■ **GIVEN MATERIAL**:
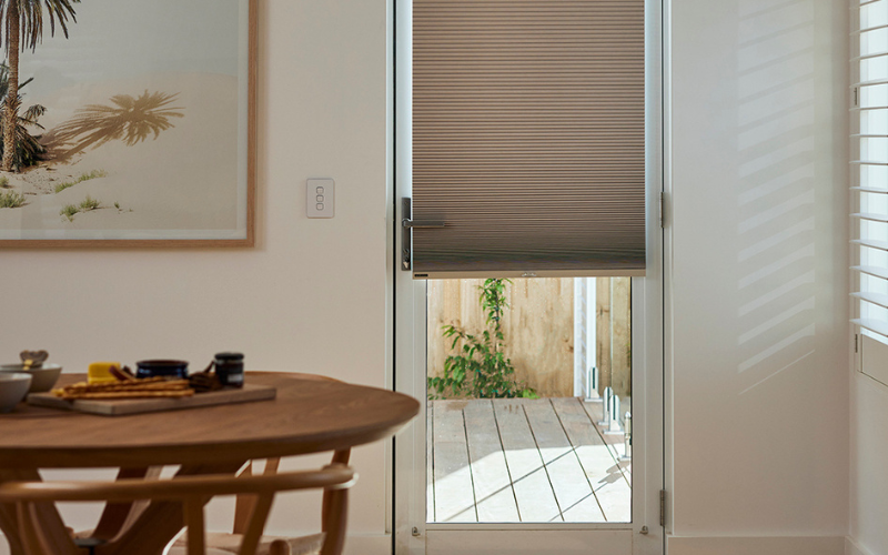 Make a statement in your kitchen or dining room with light and bright interior blinds.
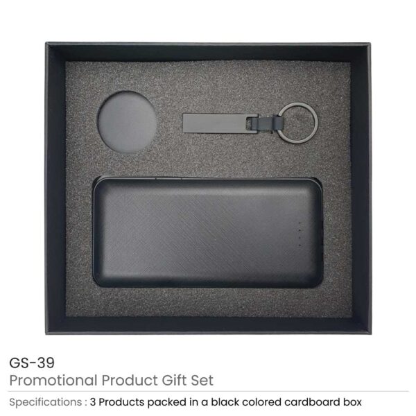 Promotional Gift Sets GS-39: These kinds of sets are usable and elegant. they are promotional gifts for your business or company. this pack Contains 3 products as listed beside and packed in a black gift box with a cushion inside for product protection and better presentation. Promotional gift sets are so luxed for promoting your branding. if you present at fairs they can be the best options to show your branding. Technology is always attractive and usable for clients.
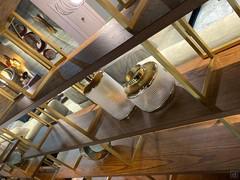 Materialien & Ausführungen Ablagen: - FurnierholzStützen:- Metall pulverbeschichtet, Messing

■ **TASK ITEM**:
Beginning with the line containing "Promotional Gift Sets GS-39: These" and ending with the last line of the listing above, output those lines exactly as written, without pictures.

■ **TASK OUTPUT**:
 Promotional Gift Sets GS-39: These kinds of sets are usable and elegant. they are promotional gifts for your business or company. this pack Contains 3 products as listed beside and packed in a black gift box with a cushion inside for product protection and better presentation. Promotional gift sets are so luxed for promoting your branding. if you present at fairs they can be the best options to show your branding. Technology is always attractive and usable for clients.
 Materialien & Ausführungen Ablagen: - FurnierholzStützen:- Metall pulverbeschichtet, Messing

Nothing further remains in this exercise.